The Third Financial name comes from its
incarnation as the third technology business its management team
have set up.
The two previous businesses were asset
management software provider ACT, now one of the biggest companies
of its kind globally, and Financial Objects, which was acquired by
Temenos in September 2008.
“The largest reason we set up the business was
because we felt the private client market was heading in a certain
direction with regulation and compliance and client driven
requirements,” Linieres said.
He said there had been a failure of wealth
management firms to join up information held on client relationship
management systems with investment managers.

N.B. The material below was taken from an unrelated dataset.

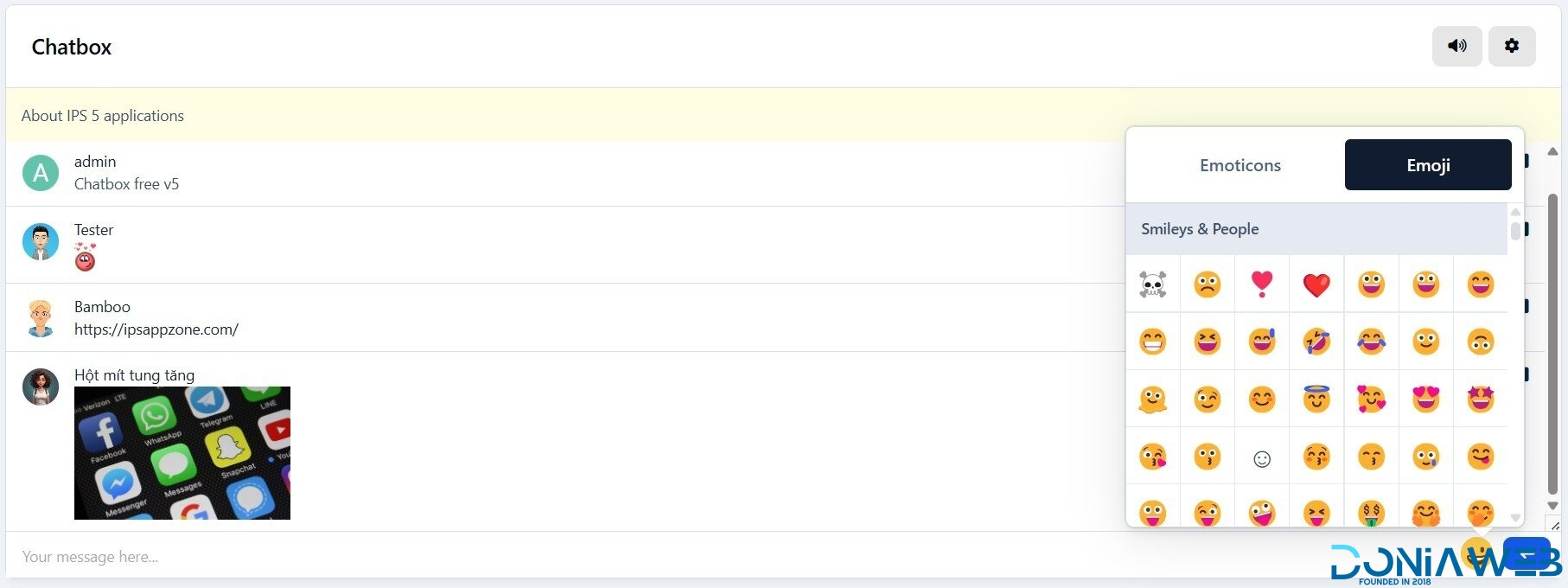 Hỗ trợ biểu tượng cảm xúc, URL, Hình ảnh (GIF, PNG, JPG)

“Having these gaps can work fine in a bull
market, but clients start to ask questions when they are losing
money,” Linieres added.
Linieres said there was an opportunity for
start-up organisations like Third Financial to take advantage of
changes in the industry that can make implementing solutions
cheaper.
“Some of our rivals are older businesses, set
up in the 1990s,” Linieres said.
“They will tend to feature older products,
which are quite rich in terms of functionality but that are now
showing a certain amount of ‘clunkiness’.
“We thought that meant it was time for a fresh
technical approach.”
There was a particular opportunity for
boutique wealth management firms in the current environment,
Linieres said. While there has been speculation in the industry
that smaller firms could struggle because of increased regulatory
and compliance costs, Linieres believes they can benefit from
developments in technology that make systems cheaper.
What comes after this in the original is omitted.